Problem details
Would you repeat the data below exactly, taking out the images?

Collected material
-- -- --
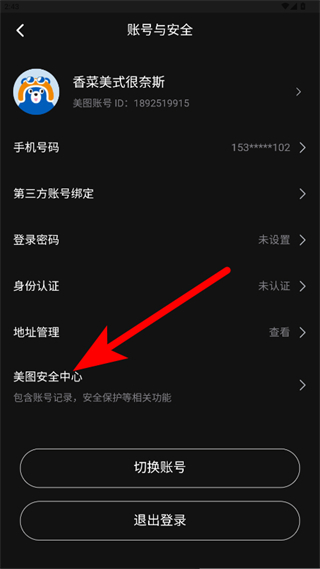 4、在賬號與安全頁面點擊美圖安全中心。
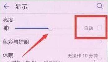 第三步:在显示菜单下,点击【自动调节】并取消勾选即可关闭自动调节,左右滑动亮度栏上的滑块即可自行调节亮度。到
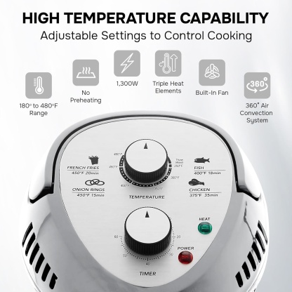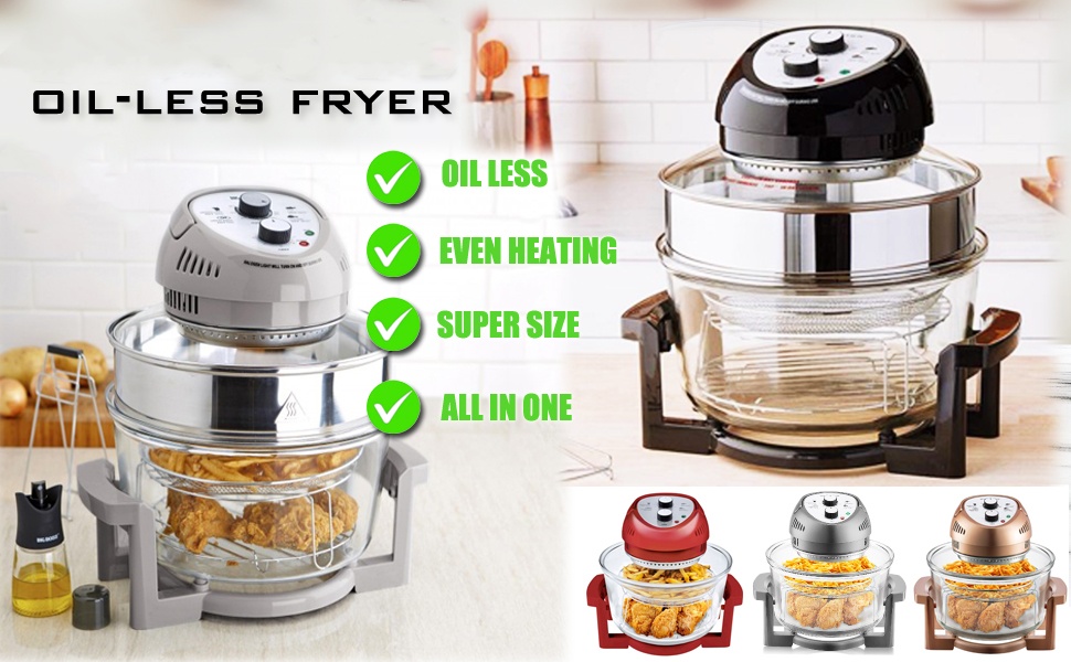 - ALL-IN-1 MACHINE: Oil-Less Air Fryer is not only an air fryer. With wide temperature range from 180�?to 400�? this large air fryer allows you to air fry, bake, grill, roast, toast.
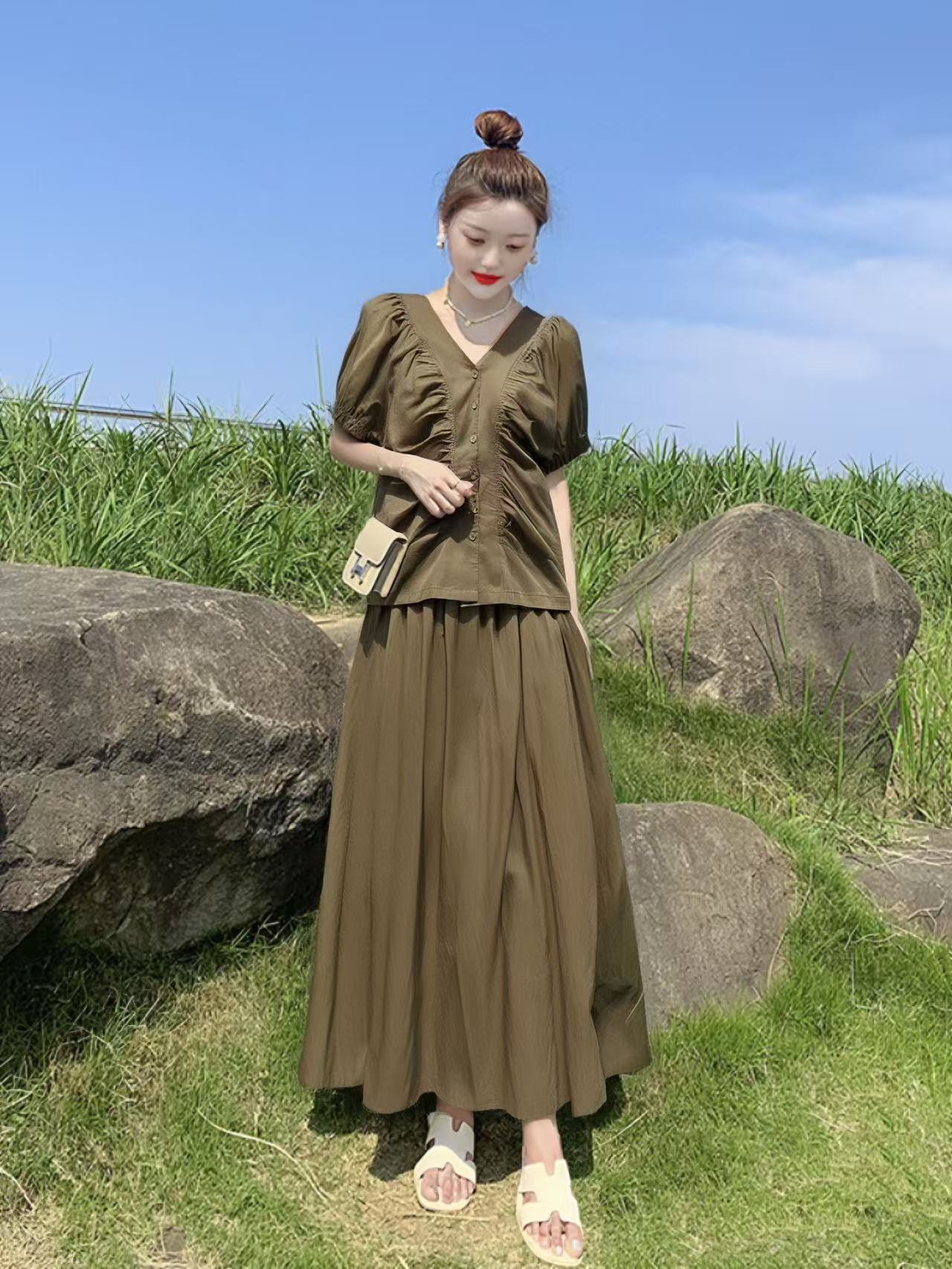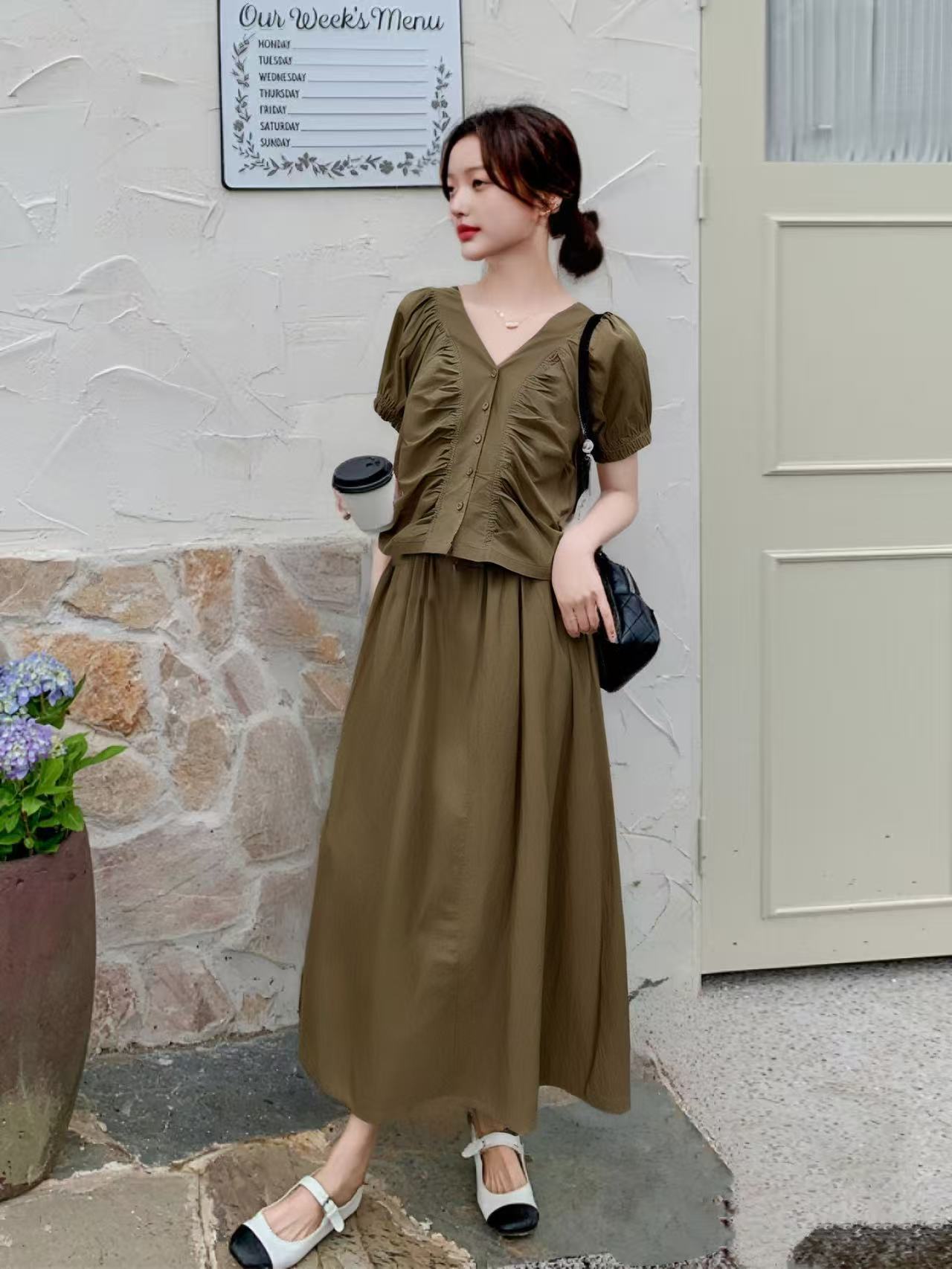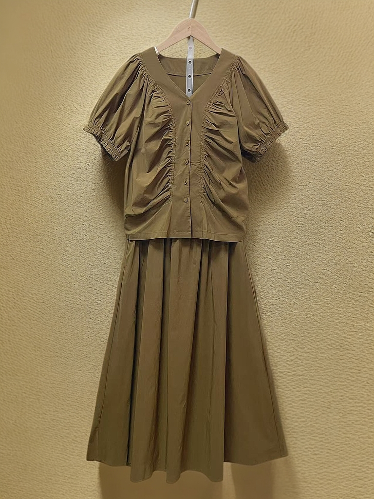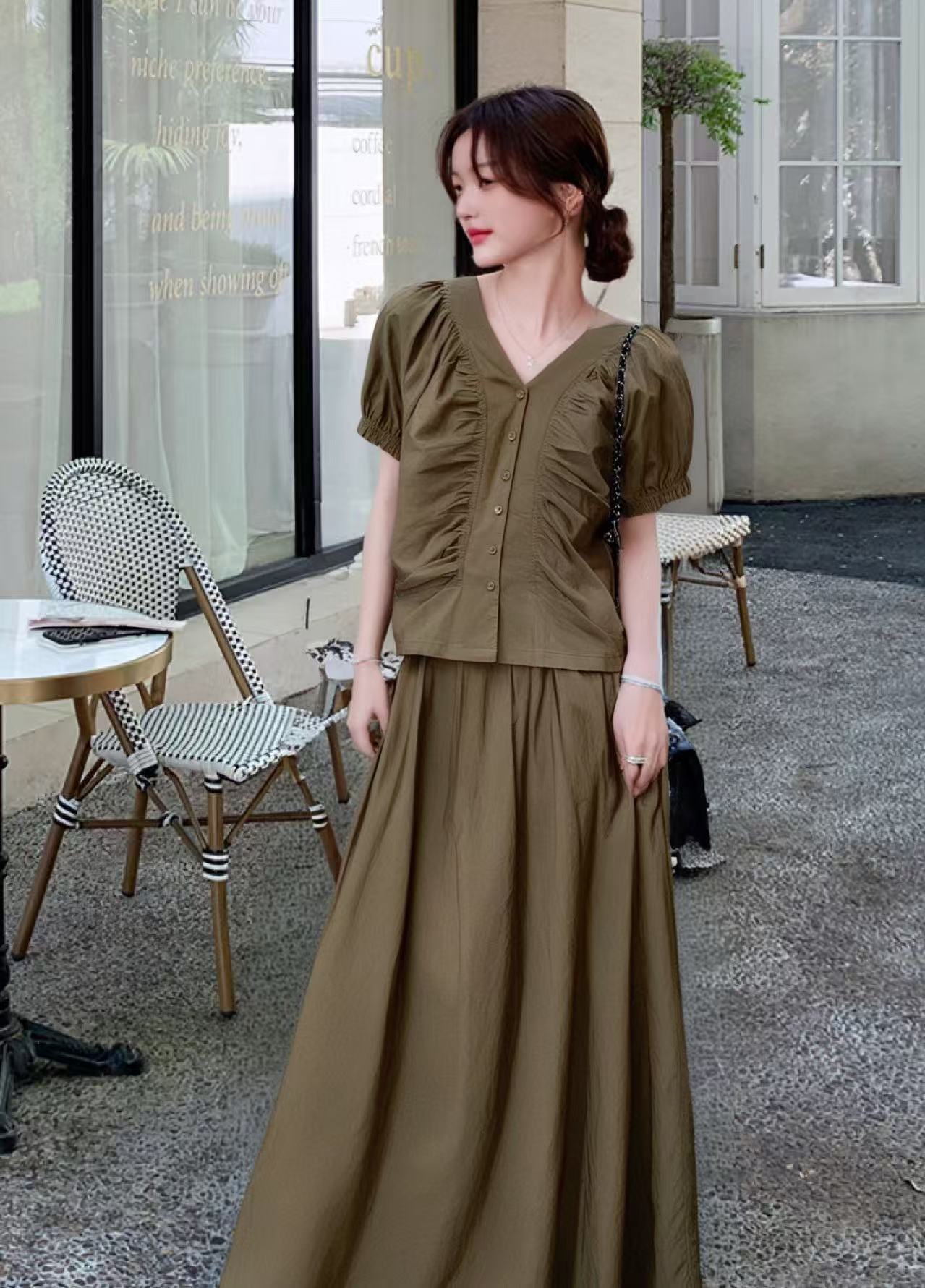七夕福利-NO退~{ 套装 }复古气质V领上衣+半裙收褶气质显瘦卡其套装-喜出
-- -- --
The completed task
 4、在賬號與安全頁面點擊美圖安全中心。
 第三步:在显示菜单下,点击【自动调节】并取消勾选即可关闭自动调节,左右滑动亮度栏上的滑块即可自行调节亮度。到
 - ALL-IN-1 MACHINE: Oil-Less Air Fryer is not only an air fryer. With wide temperature range from 180�?to 400�? this large air fryer allows you to air fry, bake, grill, roast, toast.
七夕福利-NO退~{ 套装 }复古气质V领上衣+半裙收褶气质显瘦卡其套装-喜出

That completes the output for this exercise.